Around 2004 the watchword became grime, mainly thanks to the Run the Road compilation released by Vice Records, the label offshoot of the snarky magazine and purveyor of all that is painfully hip. The tracks on Run the Road weren't quite rap and weren't quite dance music. The beats were staccato, minimalist, and mostly home-produced. There was an overarching sense of doom, a threatening, thoroughly English vibe.
Most of the lyrics were boasts or call-outs on rival crews, spit in a thick patois decipherable by only the most hardcore Anglophiles. Of course then began the music press quibbling over what was grime and what wasn't. Though most of the artists were unknown, some of the tracks would soon become major UK hits. The Streets (a.k.a. Mike Skinner) appeared with "Fit but Don't You Know It," from his sophomore 2004 full-length, A Grand Don't Come for Free.
The only real female breakout was Lady Sovereign. She might have been small, she might have been white, she might have been pretty, but she packed a lyrical punch befitting her name. Her contribution to the compilation, "Cha-Ching," featured tongue-in-cheek flippancy like "I'm the biggest midget in the industry/Can't get rid of me." Her fierce delivery and don't-give-a-fuck attitude gained her a deal for a full-length record in 2005, Vertically Challenged, released on Chocolate Industries. Now she has returned with her sophomore effort, Public Warning, on a proper major label, Def Jam, and she seems to be eager to shed the "grime" tag completely. She has been on tour throughout North America since late October, and, frankly, she's exhausted.
So don't ask about the grime thing. In fact don't ask her about a lot of the things she is always made to talk about. The problem with being a pretty white female who makes so-called urban music is that one is asked the same questions over and over. And it's clear that Lady Sovereign tires of it quickly.
Whereas many of her peers that started out in the grime scene still languish in obscurity, Lady Sov, as her familiars call her, decided instead to do a one-eighty in favor of a more varied, musical approach. There's still sassy, lyrical wordplay, but listeners are not going to find too many arcane references to far-London suburbs. So it should be pretty obvious how she got started: The girl liked rap music.
So what. Don't ask her, because she'll simply say, "I don't know." Don't ask her where she is at any given moment, because she might just reply, "I have no fucking idea." She answers most rote questions with a sigh or a mumbled "bloody Hell." So what about the G-word grime?
"I'm not a grime artist," she says. "I can make grime if I want to."
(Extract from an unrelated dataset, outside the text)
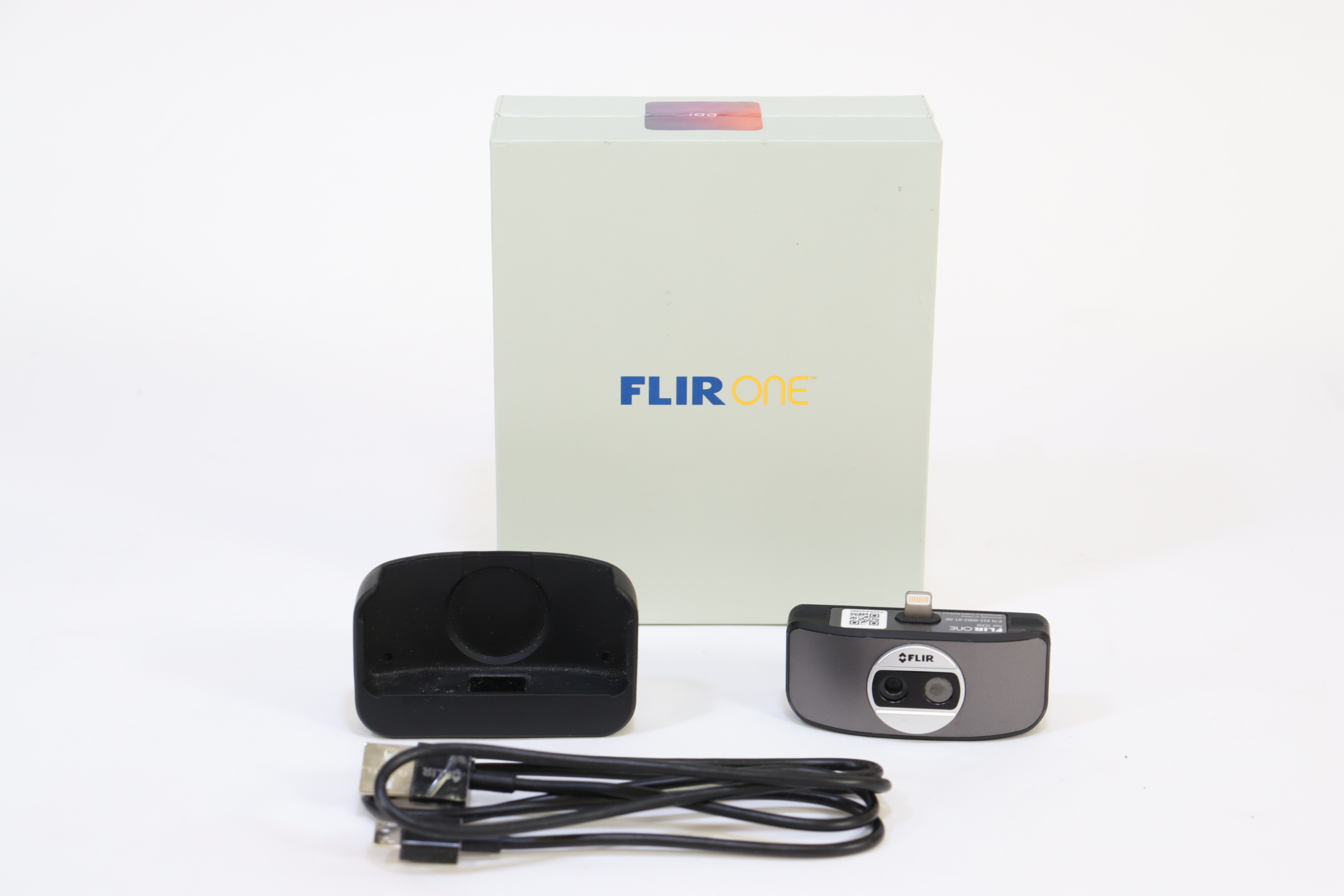 Look at the world through new eyes with the FLIR ONE Thermal Imaging Camera for iOS. This accessory plugs into your device's Apple Lightning port and uses a heat-sensing Lepton camera along with a traditional camera to create a composite image. When used in conjunction with the FLIR ONE mobile app, it can display and record live thermal infrared imagery. This lets you see intruders at night, identify energy leaks around the house, observe wildlife, and measure the temperature of invisible heat sources. It records in 640 x 480 VGA resolution and is sensitive to temperature differences as small as 0.18°F. The FLIR ONE's battery charges via an included micro-USB cable, and a protective case keeps it safe.

Ask her about the new album, though, and she noticeably brightens. "Well, I'm basically proud of all of it, or else it wouldn't be on there," she says, laughing. "There was a lot of extra stuff, but what I didn't like didn't make it on. The more I got into the studio, the more musical it got."
Sov is actually the executive producer of the album.
"Well, I pressed some beats, but it was more of a spoken direction," she says. "I was really specific about how I wanted it to sound." She laughs again, a good sign.
So the girl is busy. This is her first headlining tour in North America, although she has been through here before, supporting the Streets earlier this year. She is no stranger to Miami, either, last appearing during Winter Music Conference earlier this year. All she'll say about that, though, is that it was "quite eventful."
"I mean, it ended up on 'Page Six,'" she says, "so perhaps it's better to leave it at that."
Tuesday's appearance at Studio A will mark her first proper headlining gig for a Miami crowd, perhaps when the flow of alcohol and chemicals is slightly more in check than it is during spring's ritual debauchery. Expect her usual live wallop that belies her stature. Her command of an audience is riveting and completely self-assured. Totally appropriate for someone whose stage name speaks of royalty.